Tuesday, June 30, 2009

Never Less Than Dangerous: Pina Bausch, 1940-2009


Pina Bausch is dead.

Bausch, a towering icon of modern dance, was diagnosed with cancer five days ago and succumbed quickly, passing this morning. She was 68 years old.

Below I have posted Charlotte Higgins lovely remembrance of Bausch from her On Culture Blog on the Guardian UK's website and several links to her work.

Pina Bausch, 1940-2009

We have lost dance's most visionary, influential figure, who redrew the map of the theatre arts

By Charlotte Higgins

"A simple note on the Wuppertal Dance Theatre's website says it: this morning, 30 June, Pina Bausch died, aged 68 – quickly, after a cancer diagnosis five days ago. Only two Sundays ago, she appeared on stage at the Wuppertaler Opernhaus.

This is an appalling shock and a tragedy not only for the dance world, but also for the entire international arts world. Bausch's visionary work as dancer, choreographer and creator of the Tanztheater Wuppertal had a reach way, way beyond the confines of the German town where she worked. Theatre and opera simply wouldn't look the way they do today without Bausch; she has also had an enormous influence on visual art and cinema, too (Almodóvar's Talk to Her contains sequences of her work). I can't count the number of times I've seen work that either pays tribute – or cheaply rips off – Bausch's subversive, distinctive choreographic creations. Subtley but clearly, she redrew the map for the theatre arts.

The official tributes and obituaries will pour in. As a personal response – not as an expert in contemporary dance, simply as an enthusiastic member of the audience – I will be grieving for the loss of the most original voice in dance today.

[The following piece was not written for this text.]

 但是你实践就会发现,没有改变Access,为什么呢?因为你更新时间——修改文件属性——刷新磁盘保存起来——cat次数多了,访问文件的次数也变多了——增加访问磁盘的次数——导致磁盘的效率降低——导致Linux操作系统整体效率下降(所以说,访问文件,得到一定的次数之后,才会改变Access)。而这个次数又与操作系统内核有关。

More than that, every performance that one saw (and her relatively rare appearances in London were instant sellouts, usually attended by a cultish, extraordinarily chic audience almost as watchable as her shows) was an event that left one emotionally changed, whether drained or elated or touched by an unspeakable beauty.

Instant memories – the dirt and sheer savagery of her early work Rite of Spring, brought to Sadler's Wells last February, which left me pinned to my seat with terror.

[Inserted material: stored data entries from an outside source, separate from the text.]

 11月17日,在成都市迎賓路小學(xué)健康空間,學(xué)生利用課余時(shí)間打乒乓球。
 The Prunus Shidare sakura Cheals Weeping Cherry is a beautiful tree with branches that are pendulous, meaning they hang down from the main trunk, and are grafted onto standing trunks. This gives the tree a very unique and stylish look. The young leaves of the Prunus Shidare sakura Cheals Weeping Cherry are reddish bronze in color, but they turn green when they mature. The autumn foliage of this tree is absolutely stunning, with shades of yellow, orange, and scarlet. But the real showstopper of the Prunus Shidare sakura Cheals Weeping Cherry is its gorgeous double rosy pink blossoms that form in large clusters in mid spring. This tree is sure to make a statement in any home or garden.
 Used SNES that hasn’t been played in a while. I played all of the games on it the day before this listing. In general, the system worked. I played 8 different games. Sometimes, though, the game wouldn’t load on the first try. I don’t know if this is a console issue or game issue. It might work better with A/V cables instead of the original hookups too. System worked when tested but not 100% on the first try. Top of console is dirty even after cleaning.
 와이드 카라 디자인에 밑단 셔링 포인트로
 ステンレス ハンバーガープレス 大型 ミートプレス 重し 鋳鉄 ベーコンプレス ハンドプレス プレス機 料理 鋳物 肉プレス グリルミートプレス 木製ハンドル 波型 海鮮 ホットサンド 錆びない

The same programme brought Cafe Müller - a classic work recalling her childhood memories of her parents' cafe, was confusing, troubling, strange, obsessional, wistful.




Kontakthof, brought to the Barbican in 2002, was a deeply moving piece that was performed by dancers in their 60s and 70s, forcing the audience to confront prejudices and fears about old age.

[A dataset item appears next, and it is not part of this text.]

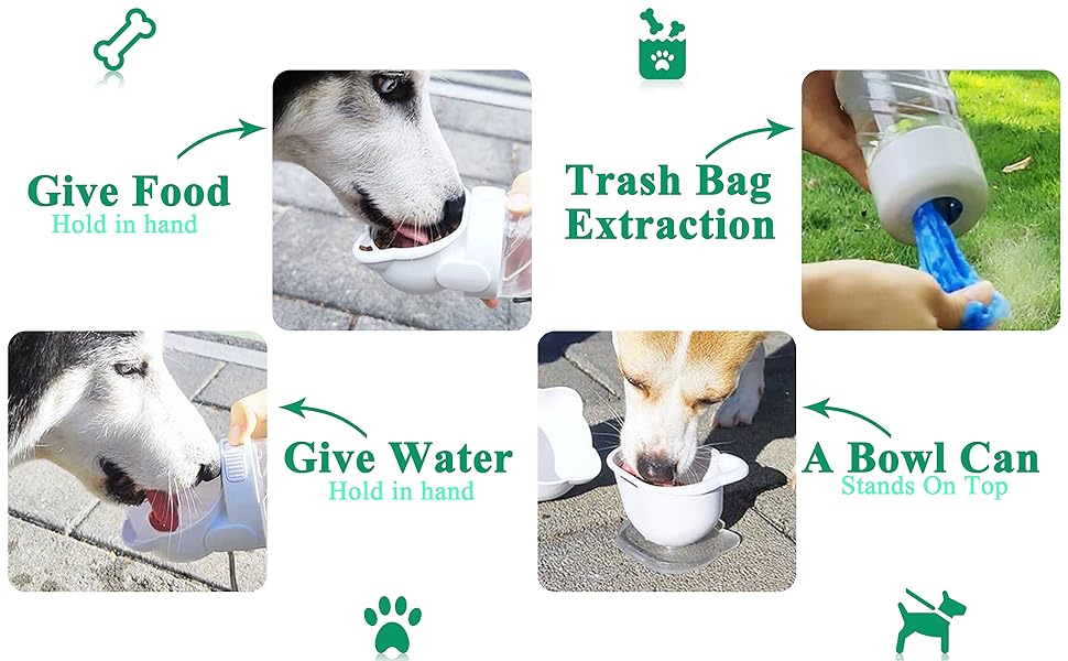 Upgraded Bigger Capacity: This water bottle can hold max 12.3 ounces (350 ml) of water and 200 g food. It not only ensures dog drinking

Then the sheer beauty of Nelken, in which the stage is covered by thousands of carnations.



Or Nefes, her late, Turkish-inspired work, in which the anguish and frustration expressed in earlier pieces was exchanged for something more (but never simply or unambiguously) joyous. A trademark was the way she asked her dancers to express not just the purity of their bodily movements, but their inner vulnerabilites, sometimes anger.

Watching a work by Bausch was never less than a dangerous, and profoundly fulfilling, experience. We will all mourn her."